Thirimadura Ranjith de Zoysa (3 May 1962 – 4 December 2019) was a Sri Lankan politician and member of the Parliament of Sri Lanka. He was a member of the Sri Lanka Freedom Party and Sri Lanka Podujana Peramuna. He died on 4 December 2019 while receiving treatments at a hospital in Singapore for a cardiac condition.

Early life
Zoysa was born to a family of seven children from Elpitiya, Godakawela, on 3 May 1962. He obtained primary education from Siddhartha Vidyalaya in Elpitiya, secondary education from Rahula College in Elpitiya, and later studied agriculture in Aquinas University College.

Political career 
In the late 1980s, motivated at the time by the radical political wave of the JVP, Zoysa entered politics.
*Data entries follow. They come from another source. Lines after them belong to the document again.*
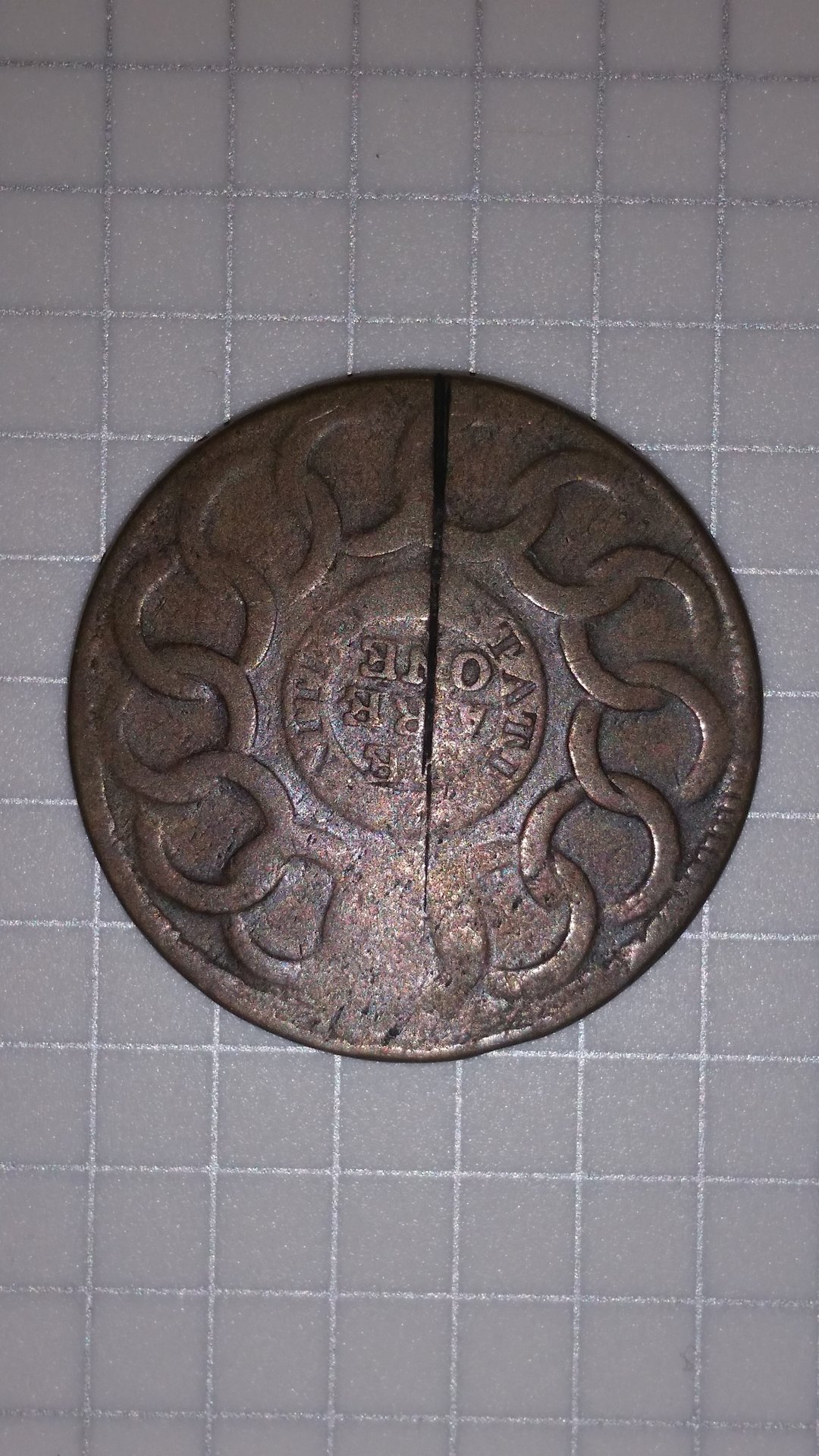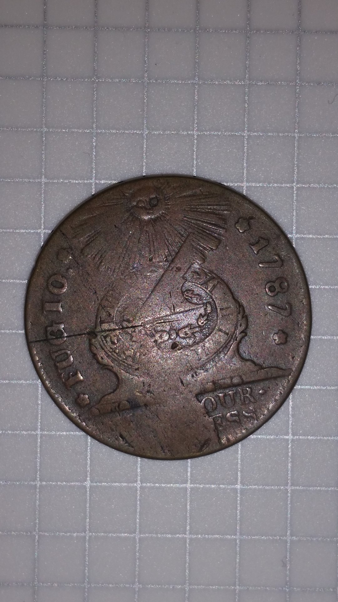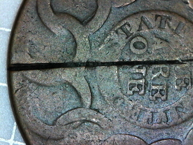 The Fugio is a late state 8-X, fairly common. A Bank of New York coin. Examples are plentiful - I was actually looking at this item when Doug reached out to me. I was seriously considering buying - the seller describes it as a split plantchet and his pictures are misleading. Not saying this is intentional or dishonest. I have a bad habit of doing most of my shopping and Cointalking on my phone, so images are small and difficult to enlarge for better viewing. Just as a learning experience for anyone interested in Fugios, the 8-X in its last two die states can *easily* be identified by the halfmoon die crack across the better part of the lower obverse. This was the terminal die state for obverse die #8. One of those identifiers that you can use, even in well worn examples. My 8-X is significantly double struck, but this identifier allows concrete identification, even though part of the second strike and poor planchet quality mask much of the lower obverse:
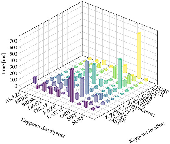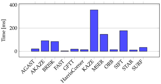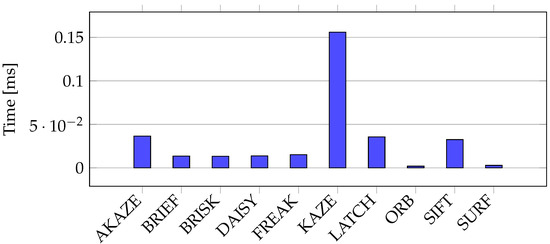 The Oxford University Database was also used to perform experiments addressing the time necessary to obtain keypoint locations. Figure 6 shows the significant differences in time performance. The bar plot presents the average time needed to compute one keypoint considering all the points detected by each method. Since the number of detected keypoints per image is relatively large, the influence of system interruptions can be neglected when considering the whole database. Considering the required time efficiency, the execution times recorded in our experiments excluded the use of the KAZE, SIFT, MSER, AKAZE, and BRISK algorithms as keypoint detection algorithms.
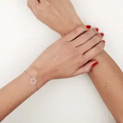 Bracelet Argent Blanc 925/1000 Fleur Ajouree Maille Forcat 19cm
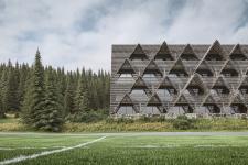 Hotel Natura is one of the visitors' first points of contact with the sports and tourist resort Rogla. It was built as the final among a number of hotels and represents perhaps the biggest visual departure from the recognisable expression of the previous interventions, which referenced the local, rurally developed landscape to a greater degree. Hotel Natura was designed as Rogla's highest-rated hotel, but was never fully realised. Much of the envisaged accommodation remained unbuilt, and the investor now intends to modify its typology and extend the hotel with multi-purpose common areas and a recreational swimming pool.

He was later elected chairman of Atakalampanna Pradeshiya Sabha in 1997 and appointed chairman of the same Pradeshiya Sabha as opposition leader in 2002. Zoysa was elected to the Sabaragamuwa Provincial Council in 2004 and 2008, where he held many positions of provincial minister.

He was first elected from the Rakwana Electorate to the Parliament in 2010, and re-elected from the same electorate in 2015. He later served as the Joint Opposition's deputy national organizer.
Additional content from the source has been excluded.